C’est le cas à Vilupulli, au bout d’un chemin de terre où se trouvent trois ou quatre maisons. Pareil vers Villa Quinchao, à une douzaine de kilomètres au sud d’Achao.

Les chemins de terre peuvent d’ailleurs donner quelques maux de tête si, comme moi, vous optez pour une petite voiture manuelle au moteur à peine plus puissant que celui d’un rasoir électrique. Pour voir l’église de San Juan, le GPS recommandait un virage sur un chemin de terre sur la droite. Son emprise était pratiquement camouflée pour la végétation.

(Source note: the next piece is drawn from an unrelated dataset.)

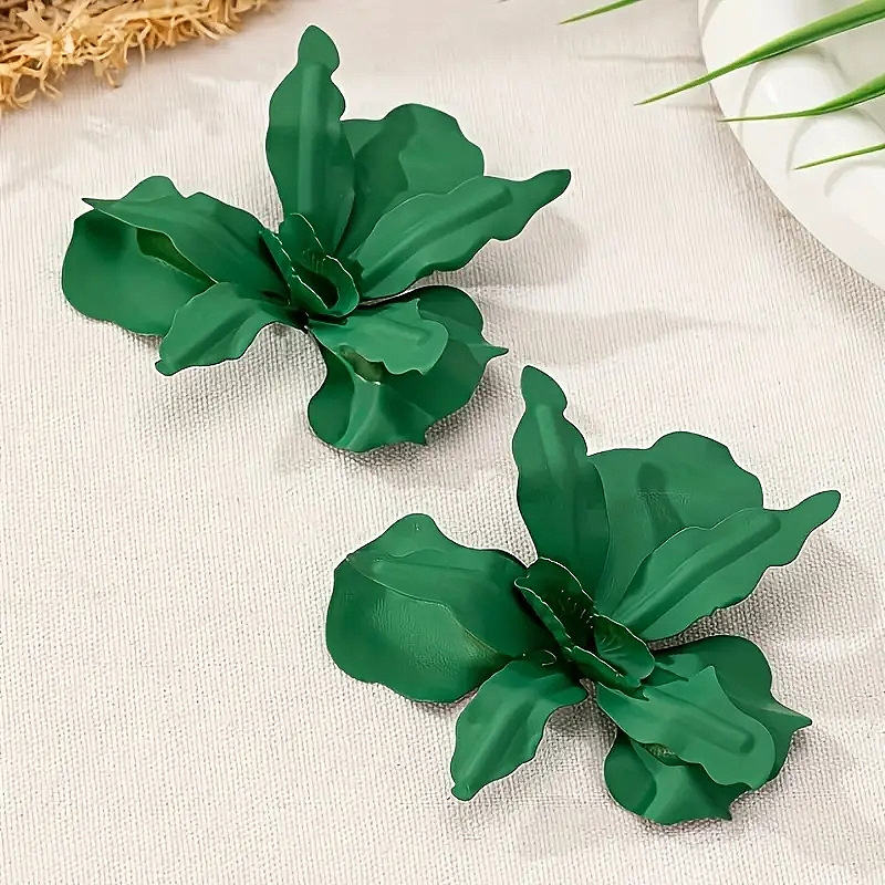 ヨーロッパとアメリカのファッション特大幾何学プリーツペイントフラワーイヤリング、ストリートウェアパーティーやさまざまな機会に適しています春夏

Une fois engagé, pas moyen de faire demi-tour. La route, à peine large pour une seule voiture, s’enfonce réellement vers nulle part. Une trentaine de minutes plus tard, alors que je rejoins une voie de circulation plus large, mais toujours terreuse, le gravier plonge pratiquement à la verticale. Oui, l’église se trouve tout en bas, sur le rivage. Du coup, c’est la remontée, dans la rocaille glissante, qui m’effraie un tantinet. La bagnole a toussé un brin et y a laissé une bonne partie de son souffle.

Tout en bas, des navires de pêche en cale sèche sont entassés. Le bruit des ponceuses et des marteaux retentit. Des hommes sont aussi en train de bâtir un bateau tout neuf. Mais dans le semblant de village, où la peinture des bancs de parc date d’avant ma naissance où les petites maisons courbent sous le poids des années, l’église tient bon, quelques carreaux de fenêtres en moins. C’est là que j’ai compris qu’il serait fort inutile d’essayer de voir d’autres bâtiments religieux identiques et quasi abandonnés.

Sinon, les amateurs de plein air voudront peut-être s’aventurer vers le parc national de Chiloé, mais à première vue, il ne présentait rien de bien séduisant. Au bout d’un autre chemin de terre, un sentier mène néanmoins à la Muelle de las Almas, une promenade de bois qui s’arrête subitement devant la mer. On dit qu’il s’agit d’un tremplin pour les âmes qui quittent l’île. La randonnée, facile, est plaisante.

Si la saison le permet, près de la jolie ville d’Ancud, il est aussi possible d’observer des pingouins. Les petits volatiles n’y étaient pas lors de mon passage.

Chiloé, à mes yeux, c’est un chapelet de petits villages calqués sur la Gaspésie qui appellent à la contemplation.